Micro-Credentialing: Not Your Grandfather’s Job Training Program

Andrew J. Kidd, Ph.D. Oct 09, 2019

The distance between a worker and that next, better-paying job just got shorter. Lieutenant Governor Jon Husted recently announced Ohio’s new TechCred program, which offers financial assistance to businesses that help their employees earn short-term degrees or job certificates, commonly referred to as micro-credentials. TechCred, along with the policies in House Bill 2—which would help individuals cover their costs of earning a micro-credential—will enable workers to quickly get the skills they need to be eligible for promotion and, as research shows, earn more money.

One of the key differences between these new micro-credential programs and government-run job-training programs of old is the partnership with employers and the speed in which workers can earn a credential or certification to show they have the skills employers need. Another difference is micro-credentials are earned and market-driven—unlike occupational licenses, which are simply government permission slips that allow people to perform a job they already have the skills to do. These micro-credentials tell a business that a worker has the necessary skills to perform the job without the additional, and unnecessary, cost of obtaining a government permission slip.

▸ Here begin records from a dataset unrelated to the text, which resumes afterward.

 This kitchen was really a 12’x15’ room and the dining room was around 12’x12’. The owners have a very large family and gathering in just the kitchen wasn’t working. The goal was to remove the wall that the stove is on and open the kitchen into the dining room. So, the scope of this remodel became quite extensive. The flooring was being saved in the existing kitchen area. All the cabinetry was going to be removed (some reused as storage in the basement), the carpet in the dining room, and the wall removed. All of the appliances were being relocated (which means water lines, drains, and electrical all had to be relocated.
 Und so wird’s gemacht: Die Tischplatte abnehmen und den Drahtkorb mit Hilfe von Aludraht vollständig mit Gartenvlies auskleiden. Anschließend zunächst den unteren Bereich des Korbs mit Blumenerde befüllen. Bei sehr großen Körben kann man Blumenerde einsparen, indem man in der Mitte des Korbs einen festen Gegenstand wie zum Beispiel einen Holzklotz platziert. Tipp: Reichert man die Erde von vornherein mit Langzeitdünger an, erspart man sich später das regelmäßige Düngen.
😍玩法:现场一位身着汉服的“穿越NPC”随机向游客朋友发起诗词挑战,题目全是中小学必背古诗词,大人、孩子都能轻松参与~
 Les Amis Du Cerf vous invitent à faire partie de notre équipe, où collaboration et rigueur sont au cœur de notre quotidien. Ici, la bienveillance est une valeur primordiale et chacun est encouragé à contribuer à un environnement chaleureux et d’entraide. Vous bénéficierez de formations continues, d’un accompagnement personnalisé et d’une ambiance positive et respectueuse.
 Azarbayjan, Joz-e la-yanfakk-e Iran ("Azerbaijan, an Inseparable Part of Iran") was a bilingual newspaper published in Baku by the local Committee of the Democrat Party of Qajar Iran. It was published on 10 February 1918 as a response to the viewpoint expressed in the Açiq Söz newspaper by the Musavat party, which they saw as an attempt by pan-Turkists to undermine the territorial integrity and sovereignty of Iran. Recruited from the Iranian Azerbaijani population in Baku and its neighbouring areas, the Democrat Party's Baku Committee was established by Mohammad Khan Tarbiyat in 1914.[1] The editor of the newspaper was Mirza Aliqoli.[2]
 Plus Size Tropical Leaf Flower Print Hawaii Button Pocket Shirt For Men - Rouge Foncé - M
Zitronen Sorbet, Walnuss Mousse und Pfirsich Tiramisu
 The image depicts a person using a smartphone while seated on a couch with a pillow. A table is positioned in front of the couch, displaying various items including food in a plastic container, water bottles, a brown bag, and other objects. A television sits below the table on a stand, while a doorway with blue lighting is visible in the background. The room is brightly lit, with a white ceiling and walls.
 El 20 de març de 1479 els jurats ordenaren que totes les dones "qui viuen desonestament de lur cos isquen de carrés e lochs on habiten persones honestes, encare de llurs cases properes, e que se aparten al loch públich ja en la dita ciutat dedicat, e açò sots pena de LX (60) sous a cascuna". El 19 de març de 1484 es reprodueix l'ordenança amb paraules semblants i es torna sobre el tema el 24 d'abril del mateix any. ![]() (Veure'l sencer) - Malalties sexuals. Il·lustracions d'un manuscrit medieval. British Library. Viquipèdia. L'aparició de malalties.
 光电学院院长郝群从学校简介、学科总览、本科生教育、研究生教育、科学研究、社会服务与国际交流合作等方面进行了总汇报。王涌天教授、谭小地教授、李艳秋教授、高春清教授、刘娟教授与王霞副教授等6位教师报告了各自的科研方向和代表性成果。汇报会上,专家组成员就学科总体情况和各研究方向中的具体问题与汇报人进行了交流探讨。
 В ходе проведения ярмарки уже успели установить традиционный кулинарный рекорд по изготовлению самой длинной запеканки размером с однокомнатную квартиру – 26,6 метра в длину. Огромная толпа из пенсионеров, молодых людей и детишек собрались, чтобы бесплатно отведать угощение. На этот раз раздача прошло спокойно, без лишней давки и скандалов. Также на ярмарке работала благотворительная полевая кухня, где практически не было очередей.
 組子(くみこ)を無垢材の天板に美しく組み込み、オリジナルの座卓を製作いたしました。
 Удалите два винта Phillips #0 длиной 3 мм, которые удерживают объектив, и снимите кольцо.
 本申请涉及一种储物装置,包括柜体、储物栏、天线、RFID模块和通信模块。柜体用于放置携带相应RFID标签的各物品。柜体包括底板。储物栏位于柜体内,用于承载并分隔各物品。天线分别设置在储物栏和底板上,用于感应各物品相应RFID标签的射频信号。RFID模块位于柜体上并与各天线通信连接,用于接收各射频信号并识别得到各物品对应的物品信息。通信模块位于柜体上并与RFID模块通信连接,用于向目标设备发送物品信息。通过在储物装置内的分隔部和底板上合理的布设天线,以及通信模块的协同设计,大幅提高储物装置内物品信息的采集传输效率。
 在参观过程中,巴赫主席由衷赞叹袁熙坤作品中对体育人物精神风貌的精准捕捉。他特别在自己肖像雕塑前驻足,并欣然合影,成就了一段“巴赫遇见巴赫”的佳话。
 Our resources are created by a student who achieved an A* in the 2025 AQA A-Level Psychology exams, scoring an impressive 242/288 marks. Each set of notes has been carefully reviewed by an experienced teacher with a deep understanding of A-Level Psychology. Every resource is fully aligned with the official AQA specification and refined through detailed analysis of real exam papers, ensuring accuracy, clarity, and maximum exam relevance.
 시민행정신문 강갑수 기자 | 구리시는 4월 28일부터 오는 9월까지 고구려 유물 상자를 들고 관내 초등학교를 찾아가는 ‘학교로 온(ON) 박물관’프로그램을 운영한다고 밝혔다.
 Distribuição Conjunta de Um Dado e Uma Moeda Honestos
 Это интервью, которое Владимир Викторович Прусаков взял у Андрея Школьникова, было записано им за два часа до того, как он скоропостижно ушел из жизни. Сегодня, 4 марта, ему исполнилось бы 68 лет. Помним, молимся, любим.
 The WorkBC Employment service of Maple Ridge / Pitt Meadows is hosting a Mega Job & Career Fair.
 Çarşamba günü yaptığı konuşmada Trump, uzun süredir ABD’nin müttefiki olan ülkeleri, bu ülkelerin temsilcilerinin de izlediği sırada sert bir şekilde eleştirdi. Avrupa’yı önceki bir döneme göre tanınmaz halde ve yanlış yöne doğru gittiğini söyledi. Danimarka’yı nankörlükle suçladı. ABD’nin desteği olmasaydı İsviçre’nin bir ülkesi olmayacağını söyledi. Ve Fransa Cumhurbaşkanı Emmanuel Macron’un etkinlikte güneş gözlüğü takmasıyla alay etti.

Another feature of TechCred is the ability it offers employers to submit an application for an unlisted credential to be added to the program. This flexibility ensures that the program can adjust and evolve as new skill requirements are needed for new technologies. However, there are improvements policymakers can make to ensure the program benefits employers and workers without wasting taxpayer dollars.

Policymakers should:

  1. Keep the application process straightforward and easy to access. Research shows that people are less likely to apply for aid or a program if the application process is difficult and lengthy.
  2. Establish a regular review of approved training providers. Businesses, like Amazon and Cisco, provide training and offer certification for skills that many tech jobs demand that didn’t exist 10 years ago. As more businesses and non-traditional schools offer these services, keeping the list of approved training providers up-to-date will ensure Ohioans have access to the most cutting-edge skill training.
  3. Expand these programs to Ohio’s high schools. Not every student sees a four-year college as their next step after graduating high school. And policymakers should focus on providing programs that ensure those students graduate ready to work. Furthermore, high school students can already count an industry-recognized credential towards their graduation requirements so these programs would help students on their way to graduation while ensuring they have in-demand skills.

Policymakers should not:

  1. Increase the tax burden on Ohioans to pay for these programs. Ohio already spends almost $3 billion a year on higher education and workforce training. This is more than enough money to fund these new programs. By using existing tax dollars, policymakers will avoid the harmful effects raising taxes has on innovation, and job and economic growth.
  2. Protect corporate special interests. Narrowly defining the list of training providers and limiting funding to only a few businesses is a sure sign of crony capitalism. When possible, multiple approved training providers should be allowed to offer micro-credentials.
  3. Create a special interest taxpayer funded give away. While allowing flexibility for the program to evolve as needed is a smart approach, policymakers should pay close attention and ensure the program does not become an ineffective taxpayer cash give away. The current cap on the amount a company can receive to offset the cost of training employees avoids over-use of the program by one single business. However, since the approval process is in its infancy, it should be regularly reviewed so all businesses can benefit from the program.
  4. Stop here. Innovative approaches are needed to solve Ohio’s workforce challenges. The future of work and how workers are trained for new jobs will continue to transform, and programs like TechCred are only the start.

Gone are the days when the only option for high-paying jobs was earning a college degree. With these micro-credentialing programs, Ohio is now working with businesses to train workers for jobs that are available and where qualified workers are in high demand. This shift from the old job training model, which failed to provide workers with the skills they needed to find a job, can make Ohio a model for the rest of the country.

TechCred and the policies in House Bill 2 aren’t your grandfather’s job training programs. They are a new and innovative approach that will help address the challenges of training Ohioans for jobs in a tech-based economy.

Andrew J. Kidd, Ph.D., is an economist with The Buckeye Institute’s Economic Research Center.